The moment of shared and contrary thoughts that nearly erased the “commuter campus” stigma associated to our university was a result of a good old-fashioned fire drill.
When all of the buildings emptied for the staged emergency evacuation, there were a host of reactions that made our vulnerability and susceptibility as humans turn into a form of neon signage.
The deer-in-the-headlights syndrome was nearly contagious. Lost souls wandered aimlessly because they were no longer required to be where they were supposed to be. Shell shock turned to mass hysteria. Extreme vocal opinion was met by extreme vocal counter opinion.
Up was down, down was up, but most importantly, a community atmosphere evolved.
It was strange to see people at The Beach slowed to a less than lemmings-to-the-forage pace. For that jiffy, we acted as learned (or nearly learned) human beings, rather than as sheep to the annual shearing.
Call it a breath of fresh air, name it a moment of reverse capitulation to thumbed-under administrative control or scream “socialism,” if you wish. But for a brief ellipse of time, CSULB escaped the stereotype of “commuter campus” and ventured into the realms of educated community, engaged activism and genuine concern for fellow humans.
The rights and responsibilities of the First Amendment to assemble, to share and meet, importantly, to contest voiced opinions were less than oblique. We acted as if we were a university community, whether we liked it or not.
Evacuating buildings during the rhythmic droning of the buzzers entered us into a surreal reality that “something exists besides me.”
The salmon-like rush from class to class was suspended. Educators were forced from their cubby holes, cell phone addicts seemed confused and clusters of people actually gathered in conversation instead of the typical rapidly exchanged high-fives and knuckle taps of recognition.

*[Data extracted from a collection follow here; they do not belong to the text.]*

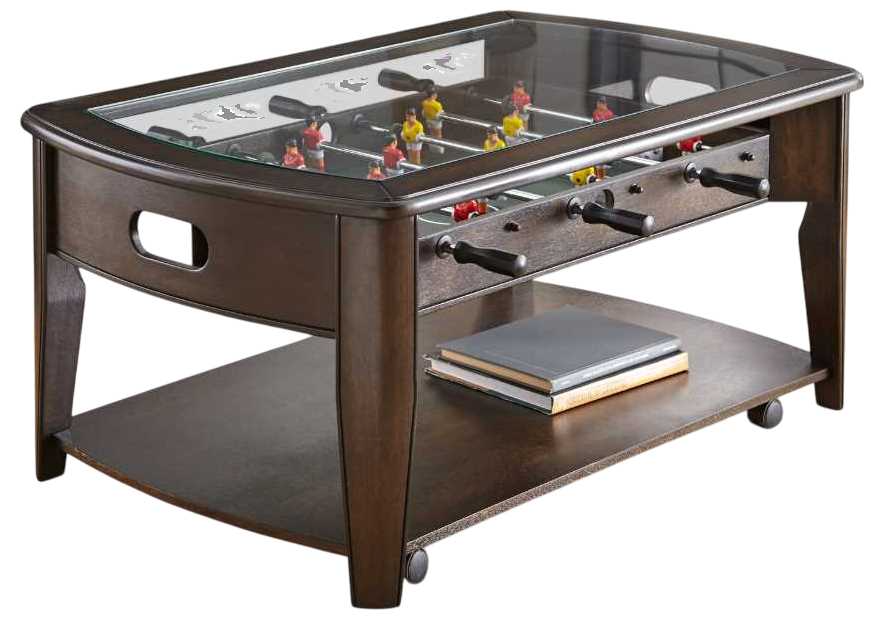 Table does double duty as a cocktail table and fully operating foosball table.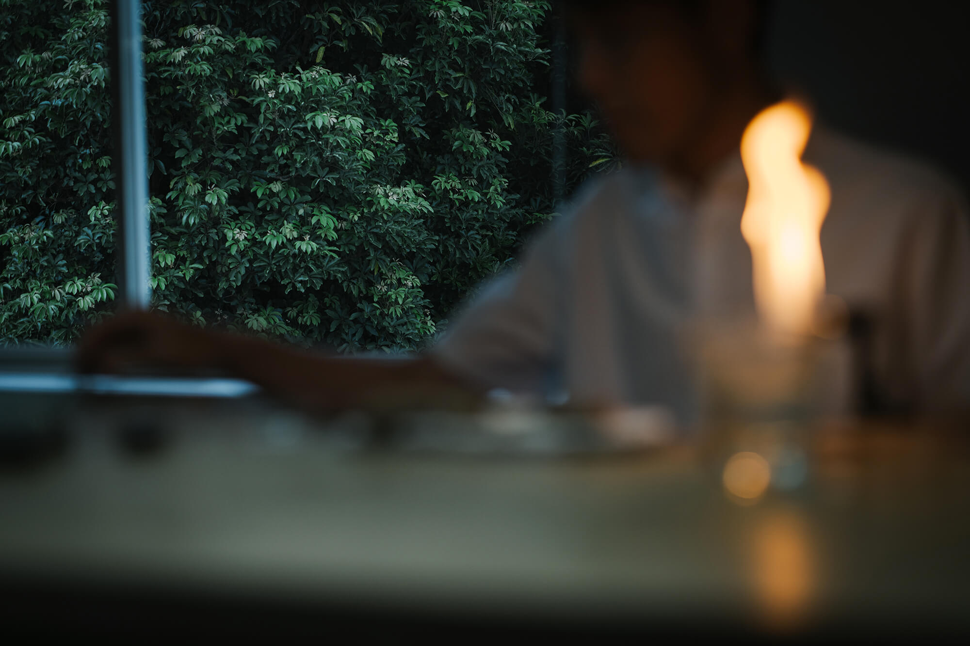 夕暮れが訪れ、アトリエは深い緑に包まれている。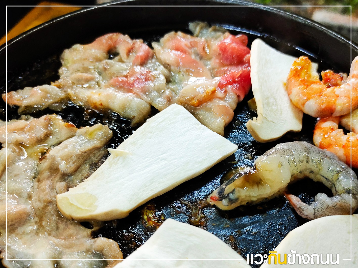 🐷 ส่วนใครไม่กินเนื้อก็มีหมูหมัก หมูสามชั้น เบคอน กุ้งขาวตัวโตๆ ปลาหมึก ยังมีชีสให้สั่งอีกด้วย น้ำอัดลมเป็นแบบรีฟิล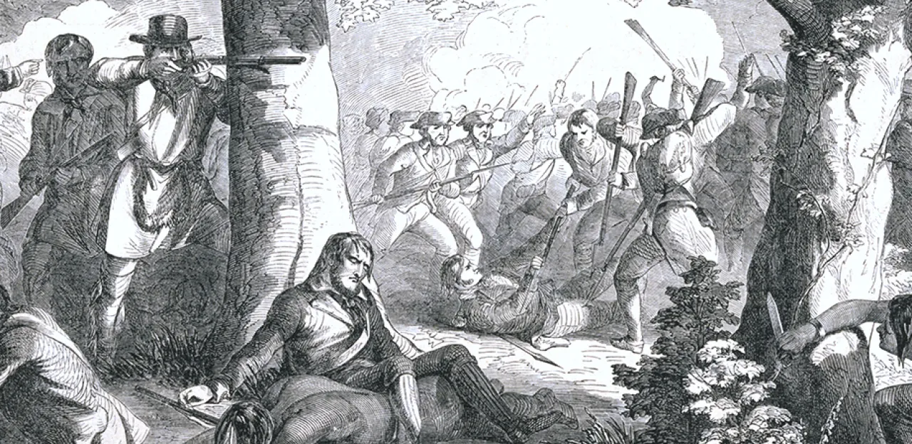 At 10 am, the American column moved into the ravine, with Herkimer mounted near the front. Johnson wanted the Americans to run headlong into his Loyalists, and then have the Natives swoop in to decimate the column trapped in the ravine. Instead, some of the natives at the rear of the American column opened fire preemptively. As a result, the portion of Herkimer’s men who were outside the ambush zone quickly fled, pursued by Mohawks for miles. Herkimer himself was struck in the leg. His men laid him against a tree, but when they suggest he retire to the rear he replied, “I will face the enemy” and calmly sat directing the battle.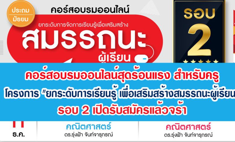 คอร์สอบรมออนไลน์สุดร้อนแรง สำหรับครู โครงการ “ยกระดับการเรียนรู้ เพื่อเสริมสร้างสมรรถนะผู้เรียน” เปิดรับสมัคร รอบ 2 รับจำนวนจำกัด

Friendship Walk turned into a virtual Berkeley-like activist exchange of conflicting and vocally expressed ideologies, rather than the shallow “Join Us” pluralism frequently associated with our high school days’ cliquish groupthink. There were more than three letters in the Greek alphabet.
Therein rests the problem for the hierarchy of the CSULB administration, dear Beachites. Allowing any form of congregated assembly (beyond the controllable division and exclusion of vying entities) is a violation of the “divide and conquer” theory deemed most effective in any bureaucracy.
The rulers of “our world” didn’t realize at the time that allowing our community to share and revoke ideas could be a threat to their power to limit and restrict shared conversation.
They weren’t concerned that emptying buildings in unison might allow us to communicate, albeit superficially and momentarily, in a slowed-down person-to-person display of shared humanity.
They (the CSULB administration) don’t want students, classified employees or faculty to know we are the source of their security. They don’t want us to pull back the curtain on the booth to find the wizard really isn’t.
The two sign-wielding pseudo-Christians on the lawn nearly started a riot. It was inspirational to see the many different groups and individuals shouting, “Go home,” and pointing to the imaginary exit. One could almost sense the spirit of John Lennon when the crowd started singing, “Na-na-na-na-na, hey-hey-hey, goodbye.”
The free exchange of ideas and potentials for solving global problems just might rely on our ability to get close enough to “count the coins in each other’s pockets.”
If it takes a weekly, unannounced “fire drill” to accomplish the feat of utilizing our right to free assembly, shared thoughts and inter-ideological communications, then let the buildings be evacuated more frequently – perhaps weekly, daily or hourly.